3. La Calcitonine de Saumon (Traitement Passerelle d'Urgence) :
Administrée par voie sous-cutanée ou intramusculaire à la dose de 4 à 8 UI/kg toutes les 12 heures (ou en perfusion IV continue) :
- Avantage unique : Vitesse d'action ultrarapide en 2 à 4 heures (inhibe directement la bordure en brosse des ostéoclastes et augmente la calciurèse rénale).
- Inconvénient majeur : Échappement thérapeutique rapide (« Tachyphylaxie ») survenant inéluctablement en 48 à 72 heures par désensibilisation et internalisation des récepteurs de la calcitonine.
- Place thérapeutique : utilisée exclusivement comme traitement de transition immédiat durant les 24 à 48 premières heures pour protéger le myocarde en attendant que les biphosphonates exercent leur plein effet anti-ostéoclastique.
4. Le Dénosumab (Anti-RANK-Ligand) : Révolution Thérapeutique Moderne :
Anticorps monoclonal humanisé de type IgG2 ciblant avec une affinité nanomolaire le RANK-Ligand (RANKL).
- Dose : 120 mg par voie sous-cutanée (avec doses de charge à J1, J8 et J15 lors du premier mois).
- Indications privilégiées :
• Hypercalcémies malignes réfractaires aux biphosphonates intraveineux.
• Hypercalcémies sévères chez les patients présentant une insuffisance rénale sévère ou terminale (DFG < 30 mL/min) où les biphosphonates sont formellement contre-indiqués en raison de leur néphrotoxicité tubulaire ! Le dénosumab n'étant pas éliminé par le rein (dégradation par le système réticulo-endothélial), il ne nécessite aucun ajustement posologique à la fonction rénale. - Risque spécifique : surveillance rigoureuse de la calcémie en raison d'un risque élevé d'hypocalcémie sévère rebelle retardée.
5. La Corticothérapie Générale (Prednisone) :
Indiquée formellement dans les hypercalcémies médiées par la 1,25-(OH)2-vitamine D : Sarcoïdose, tuberculose, myélome multiple et lymphomes, ainsi que dans les intoxications aiguës à la vitamine D.
- Posologie : Prednisone orale (ou Méthylprednisolone IV) 0,5 à 1 mg/kg/jour pendant 7 à 14 jours, puis décroissance progressive. Efficacité spectaculaire en 3 à 5 jours par blocage de la 1α-hydroxylase macrophagique et inhibition de l'absorption digestive du calcium.

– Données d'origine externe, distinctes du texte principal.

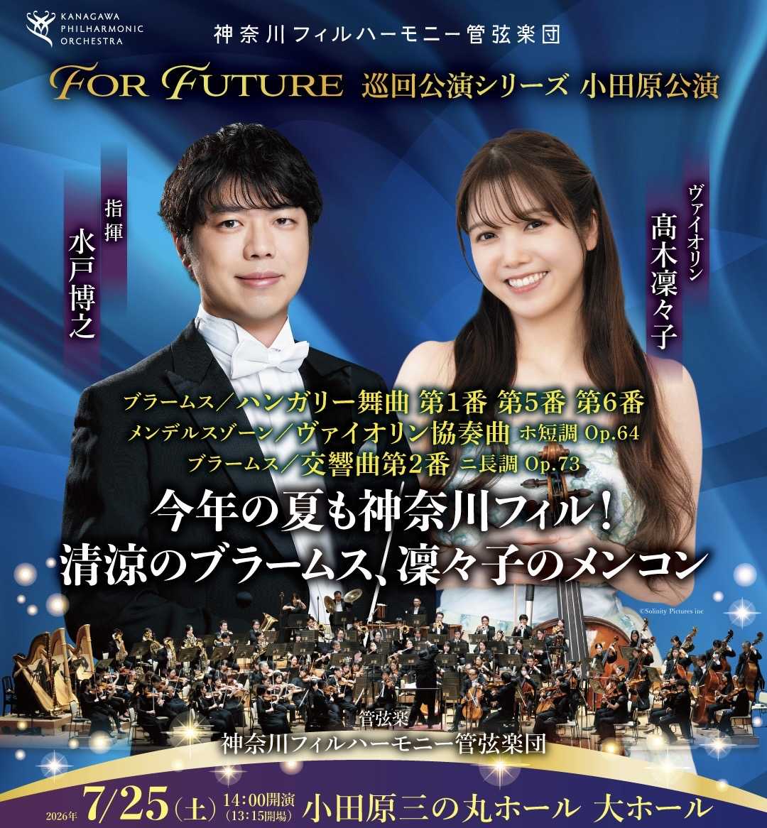 | ●神奈川フィルハーモニー管弦楽団 For Future 巡回公演シリーズ 小田原公演 | 2026年7月25日(土) | 大ホール | 水戸博之(指揮) 髙木凜々子(ヴァイオリン 神奈川フィルハーモニー管弦楽団(管弦楽) |

6. L'Épuration Extrarénale (Hémodialyse d'Urgence) :
Indication de sauvetage ultime en cas d'échec des thérapeutiques médicales, d'hypercalcémie critique menaçante (> 4,50 mmol/L) avec troubles neurologiques comateux, ou chez le patient insuffisant cardiaque en anurie complète chez qui le remplissage volumique massif est impossible sous peine d'OAP asphyxique foudroyant. Réalisée par hémodialyse intermittente sans calcium (bain de dialyse à concentration calcique nulle ou ultra-faible ≤ 1,0 mmol/L), permettant une chute de la calcémie de plus de 1,0 à 1,5 mmol/L en une séance de 4 heures.

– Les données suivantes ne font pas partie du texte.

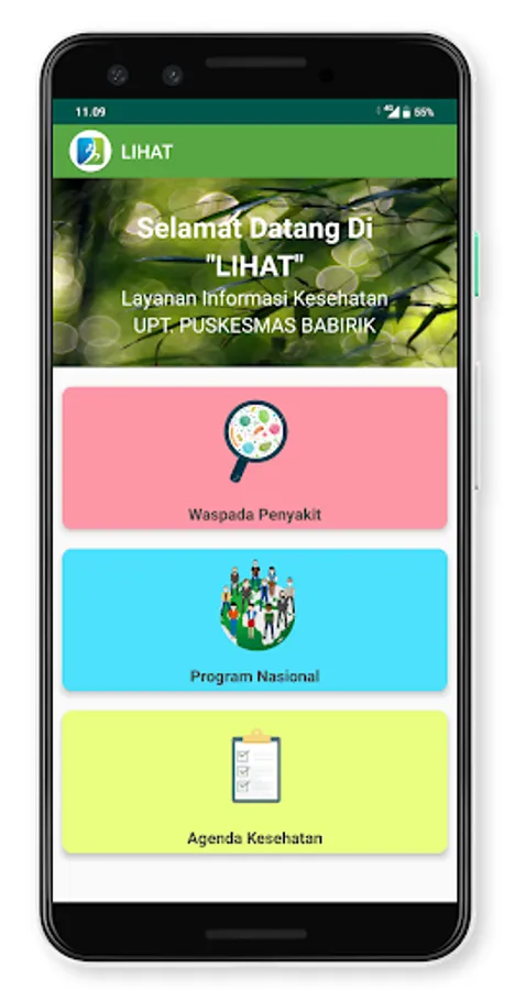 VIEW is a health information service created by UPT. Babirik Puskesmas to provide fast and accurate information services. This service contains 3 main features, namely disease alert (early warning system), a national program (references related to national programs), and a health agenda that contains a schedule of posbindu activities, posyandu, counseling and appeals to the community related to a matter

7. Traitement Chirurgical Étiologique : La Parathyroïdectomie :
Traitement curatif définitif de l'Hyperparathyroïdie Primitive. Réalisé après correction préalable de la déshydratation et de l'hypercalcémie aiguë :
- Consiste en l'ablation sélective de l'adénome parathyroïdien repéré par l'imagerie (chirurgie ciblée mini-invasive sous anesthésie générale ou locale). Le dosage peropératoire de la PTH (baisse > 50 % de la PTH 10 minutes après l'exérèse) affirme la guérison chirurgicale complète.
- Complication postopératoire à surveiller à J1-J2 : le syndrome de l'os affamé (« Hungry Bone Syndrome »), caractérisé par une reminéralisation squelettique brutale et massive absorbant tout le calcium plasmatique disponible, responsable d'une hypocalcémie aiguë profonde symptomatique nécessitant une perfusion continue de gluconate de calcium et de fortes doses de vitamine D active (Calcitriol).